Bajé la mirada. Pensaba: «Si yo hubiese estado aquí, ella aún seguiría viva».
– Ti, no seas demasiado duro con Wadi cuando pienses en ello. Tiene una paciencia limitada con el dolor. Debió preferir no pensar en ello, o asumir responsabilidades. Por eso se vuelca sobre otra cosa -u otra persona- cuando las cosas se ponen difíciles. Yo me di cuenta de ello hace muchos años. -Se encogió de hombros como si no hubiera nada que hacer al respecto-. No es que no amara a Sofía. Debía de quererla. Lo único que puedo decir es que cuando ella vino a verme, no estaba enfadada con Wadi. Creo que le perdonó la distancia desde la que lo vivía todo. Sólo parecía furiosa consigo misma.
– ¿Por haberse casado con él?
– No. Por ser incapaz de recuperarse de la muerte de vuestro padre y de tu encarcelamiento, o por ser incapaz de ser la chica que una vez fue. ¿Crees que tiene sentido?
– Podría. Sara, ¿parecía asustada de Wadi?

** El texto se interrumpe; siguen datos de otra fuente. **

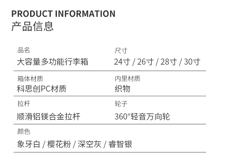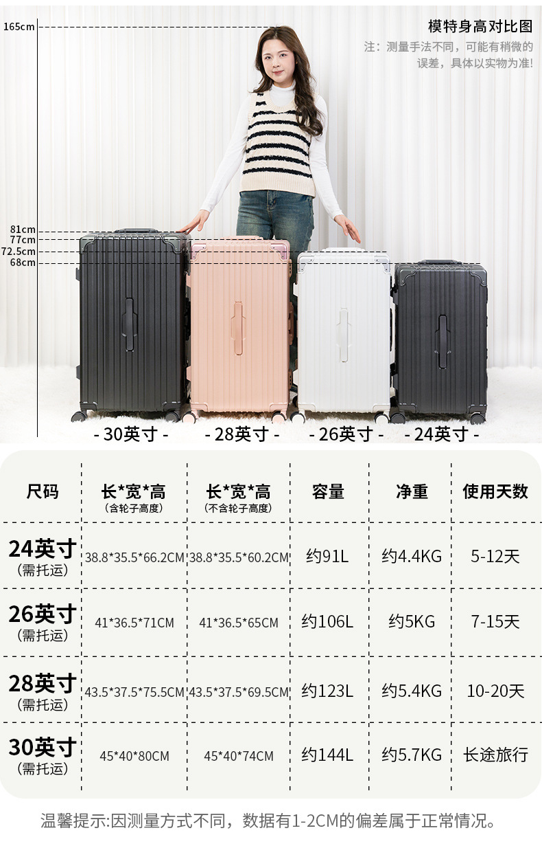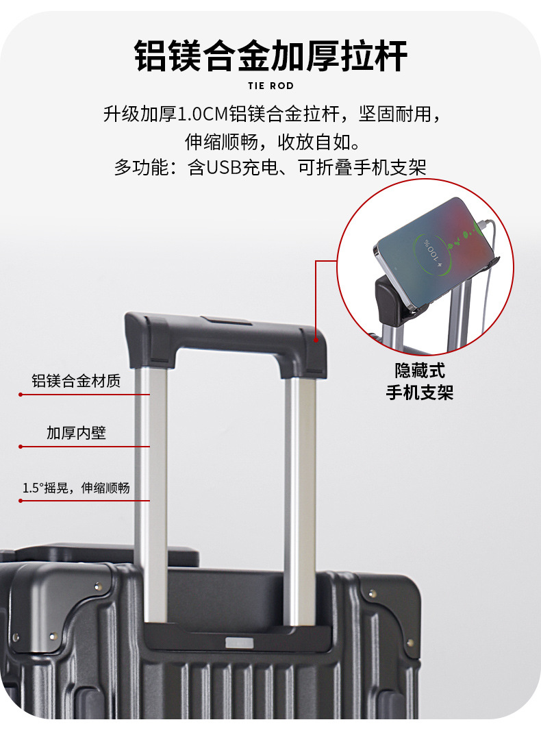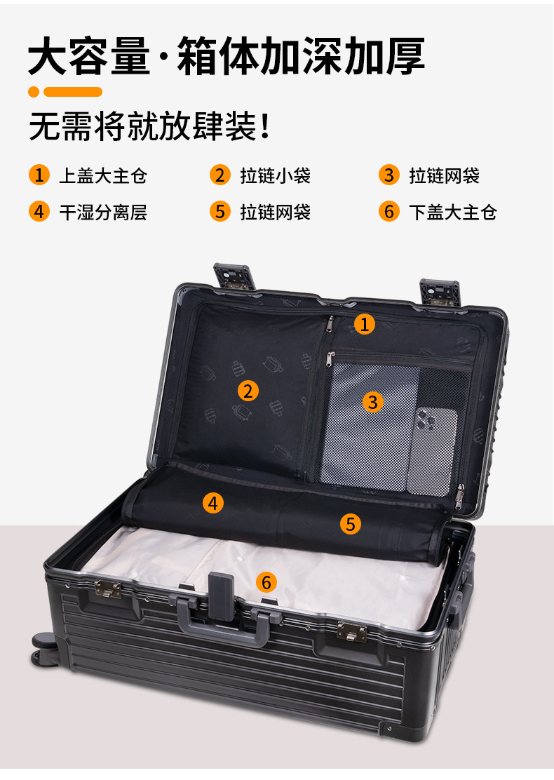 새로운 알루미늄 프레임 대용량 트롤리 케이스 다기능 세관 잠금 수하물 30 인치 가방 원피스 배달

– No, sólo… decepcionada. -Desvió la mirada, como si pensara en la veracidad de lo que acababa de decir-. Sí, decepcionada, eso es, Ti -continuó sentada muy erguida, como si eso le diera fuerzas renovadas a su determinación-. Sofía me dio más cosas aparte del anillo. Me trajo varios brazaletes y un sari. Si los quieres, son tuyos. Le pregunté por qué me los daba, por supuesto, y me dijo que quería compensar de algún modo el haberme traicionado. Le dije que jamás la había considerado responsable de que Wadi me dejara, y era cierto, pero insistió en que me quedara esos regalos. Luego sucedió algo extraño. Cuando me dijo adiós, tuve la sensación de que sería la última vez que la vería. Fue como… como si pudiera ver el futuro y me diera cuenta de que ésa era la única oportunidad que tenía de evitar que se marchara. Pensé que habría estado planeando marcharse a Portugal o a cualquier otro lugar de Europa. ¿Por qué me habría dado, si no, el anillo de tu padre en lugar de esperar para dártelo ella misma? Se lo pregunté cuando estaba justo ahí. -Señaló la puerta de la entrada-. Aún lo recuerdo, como si hubiera sucedido ayer. Me dijo que el anillo le recordaba demasiadas cosas que deseaba olvidar. Nos despedimos con un beso. Yo quise pedirle que no se fuera, pero no lo hice. Debería haberlo hecho. Se lo debía, pero tenía miedo…, miedo de empeorar las cosas, de pedirle que se quedara en Goa cuando lo único que quería era marcharse. En cuanto cerré la puerta me eché a llorar. El sentimiento de que alguien parte para siempre fue muy intenso. -Sacudió la cabeza como si se reprochara algo-. Tres semanas más tarde, me enteré de que había muerto.
– ¿Crees… crees que fue asesinada?
– ¿Asesinada? -se sorprendió. Luego se levantó y tomó aire para calmarse-. No, Ti. Lo siento pero estoy casi segura de que se suicidó. Los regalos que me dio…, fue su manera de decirme adiós, de dejar esta vida soltando lastre. ¿Sabes lo que quiero decir?
Intenté responder, pero el silencio me pareció la única manera de encajar su revelación. Sabía que lo que había dicho tenía sentido, especialmente porque Wadi me había contado que Sofía había querido darle la estatua de Shiva de nuestra madre a Nupi, pero continuaba siendo un asesinato por lo que a mí respectaba: su marido la había matado al abandonarla.